Parlando personalmente per esperienza lavorativa e malgrado il mio aspetto fisico, ho sempre interpretato ruoli duri, come ad esempio quello del bullo. Quando devo interpretare una persona lontana da me, ossia rude e senza scrupoli, riesco a far uscire il potenziale che ho dentro: mettermi nei panni di un soggetto totalmente diverso da me, mi permette di impegnarmi molto di più, poiché il lavoro richiede uno sforzo maggiore da parte mia. Valeria non solo mi ha dato fiducia, ma ha saputo arricchirmi personalmente. Abbiamo lavorato duramente ed io cercherò di dare sempre il massimo.

Cosa ti ha lasciato questa esperienza e quali sono i tuoi progetti e sogni futuri?
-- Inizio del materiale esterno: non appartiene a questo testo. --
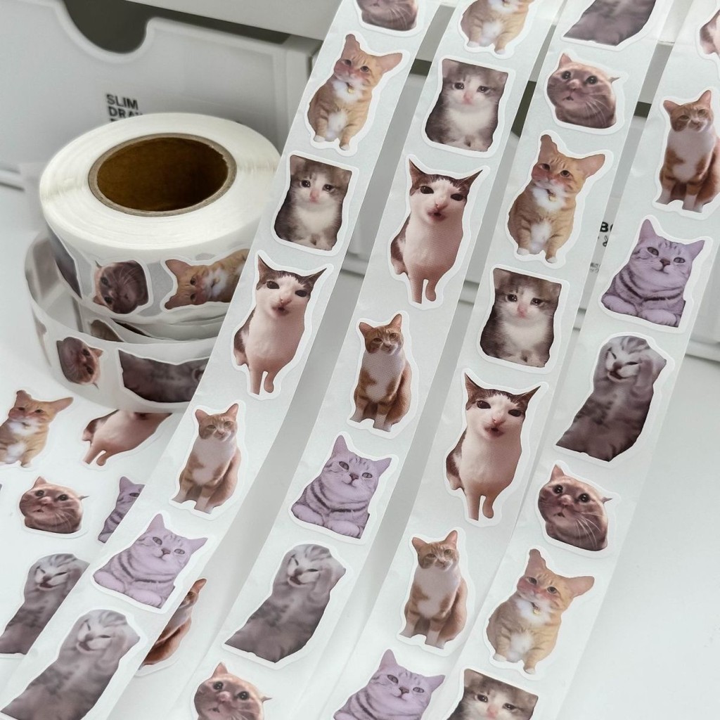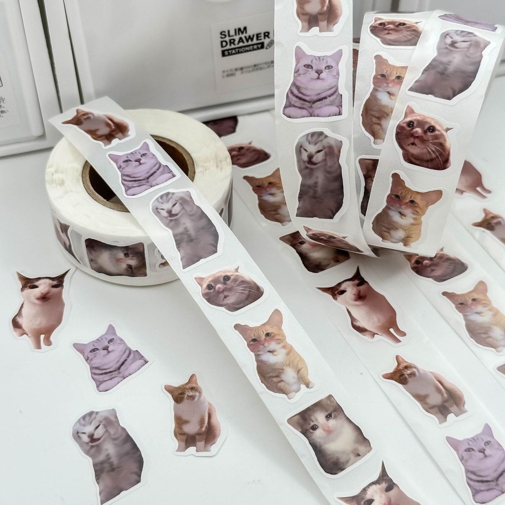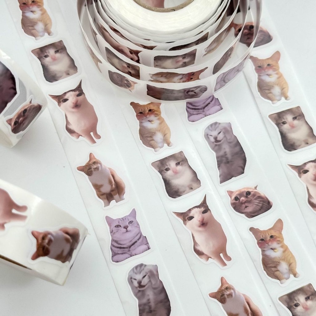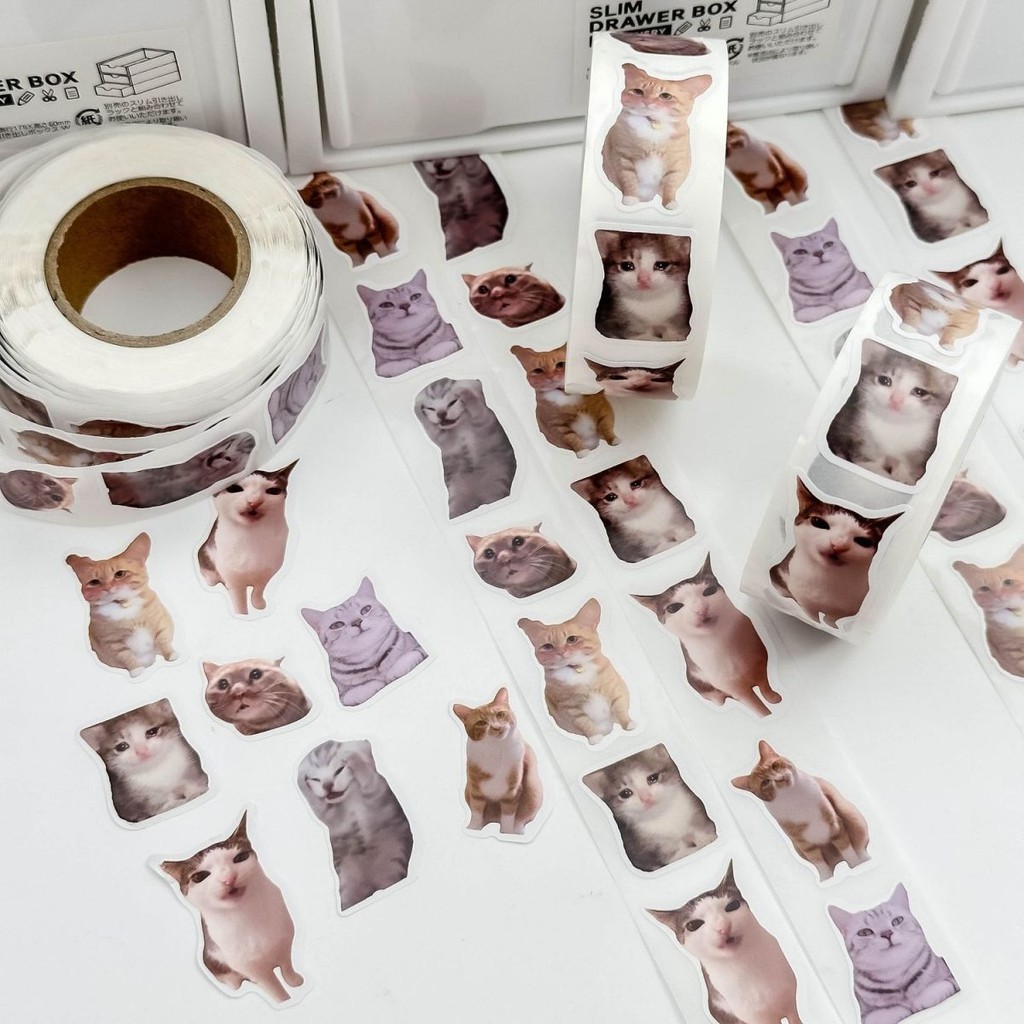 [500 Stickers] meme Cat Cat Roll Stickers Emoticon Sealing Tape Stickers Cute Fun diy Decoration Handbook Stickers
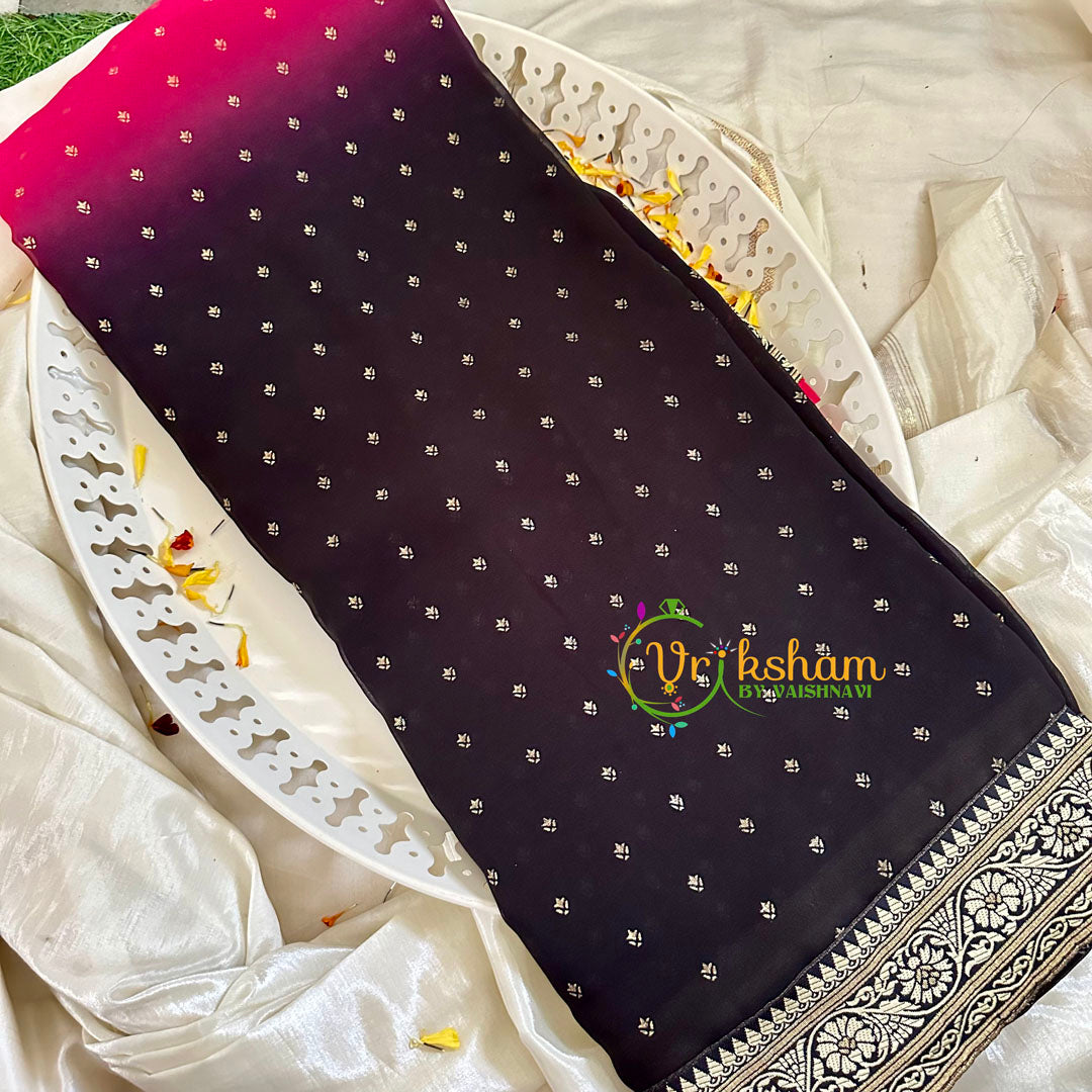 Material: Rani Pink Black Chiffon Saree

Questa esperienza mi ha lasciato tanta positività e tanta voglia di fare. E’ difficile lavorare in ambienti così stimolanti, poiché, spesso, a prevalere troviamo sempre la competizione. In B.A.L.E. Academy, invece, tutto questo non sembra esistere: il team è composto da vari professionisti, con ruoli e competenze differenti e questo permette non solo di migliorami, ma anche di confrontarmi con gli altri attori. C’è molta coesione e affiatamento, per non parlare della costante collaborazione, questo è davvero bellissimo. Il mio grande sogno è quello di poter proseguire nell’ambito della recitazione, ma non voglio diventare famoso. Sono sempre stato un ragazzo con tanti interessi ed ho sempre desiderato imparare a fare tanti mestieri differenti, ma questo ovviamente non è possibile. Arrivi ad un certo punto in cui ti tocca scegliere, ed è stato proprio questo a farmi capire che tipo di strada avrei dovuto perseguire: quella dell’attore. Recitare mi permette di vivere tante vite diverse, con sogni ed obiettivi totalmente differenti e credo che non esista un lavoro più bello di questo. Mettersi nei panni degli altri arricchisce te stesso e ti permette di vedere la vita da un punto di vista diverso.